→ Task directions
A verbatim reproduction of the lines below, from the line containing "Medalha em ouro" through the line containing "Flying Goose Chicken", both ends included, is the whole required output.
*** Entries shown ***
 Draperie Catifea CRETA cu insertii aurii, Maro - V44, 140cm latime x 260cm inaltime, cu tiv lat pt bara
***
*** Entries shown ***
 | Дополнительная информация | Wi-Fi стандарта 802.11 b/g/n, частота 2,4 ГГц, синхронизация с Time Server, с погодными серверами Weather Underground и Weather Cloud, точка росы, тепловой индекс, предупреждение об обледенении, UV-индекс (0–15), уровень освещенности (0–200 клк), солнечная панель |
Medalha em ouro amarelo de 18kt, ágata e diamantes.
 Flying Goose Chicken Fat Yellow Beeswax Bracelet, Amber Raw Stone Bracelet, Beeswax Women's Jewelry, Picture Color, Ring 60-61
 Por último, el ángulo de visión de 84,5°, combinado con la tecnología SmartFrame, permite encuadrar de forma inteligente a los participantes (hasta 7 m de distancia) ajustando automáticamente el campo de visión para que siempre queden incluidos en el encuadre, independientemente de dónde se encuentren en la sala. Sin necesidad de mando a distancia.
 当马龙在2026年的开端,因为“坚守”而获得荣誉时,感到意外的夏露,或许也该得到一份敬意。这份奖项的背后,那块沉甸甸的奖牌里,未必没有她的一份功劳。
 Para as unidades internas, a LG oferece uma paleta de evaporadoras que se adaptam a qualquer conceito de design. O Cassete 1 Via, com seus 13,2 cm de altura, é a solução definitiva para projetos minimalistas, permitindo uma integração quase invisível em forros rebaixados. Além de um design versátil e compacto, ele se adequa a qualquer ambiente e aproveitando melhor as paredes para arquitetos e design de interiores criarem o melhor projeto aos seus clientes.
***
*** Entries shown ***
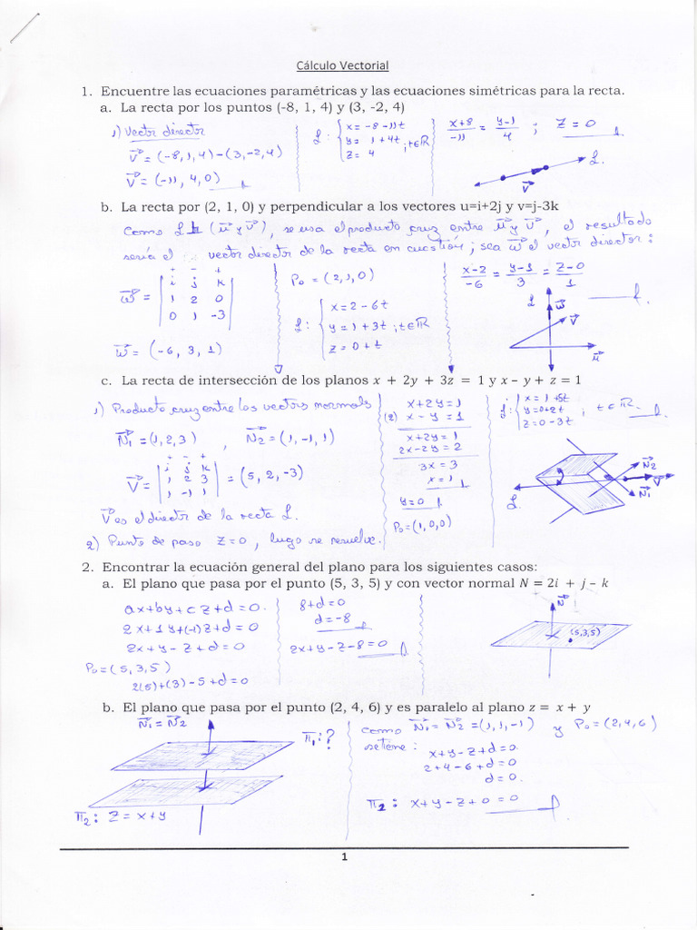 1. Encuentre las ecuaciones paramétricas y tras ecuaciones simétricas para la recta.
***
→ Response area
Medalha em ouro amarelo de 18kt, ágata e diamantes.
 Flying Goose Chicken Fat Yellow Beeswax Bracelet, Amber Raw Stone Bracelet, Beeswax Women's Jewelry, Picture Color, Ring 60-61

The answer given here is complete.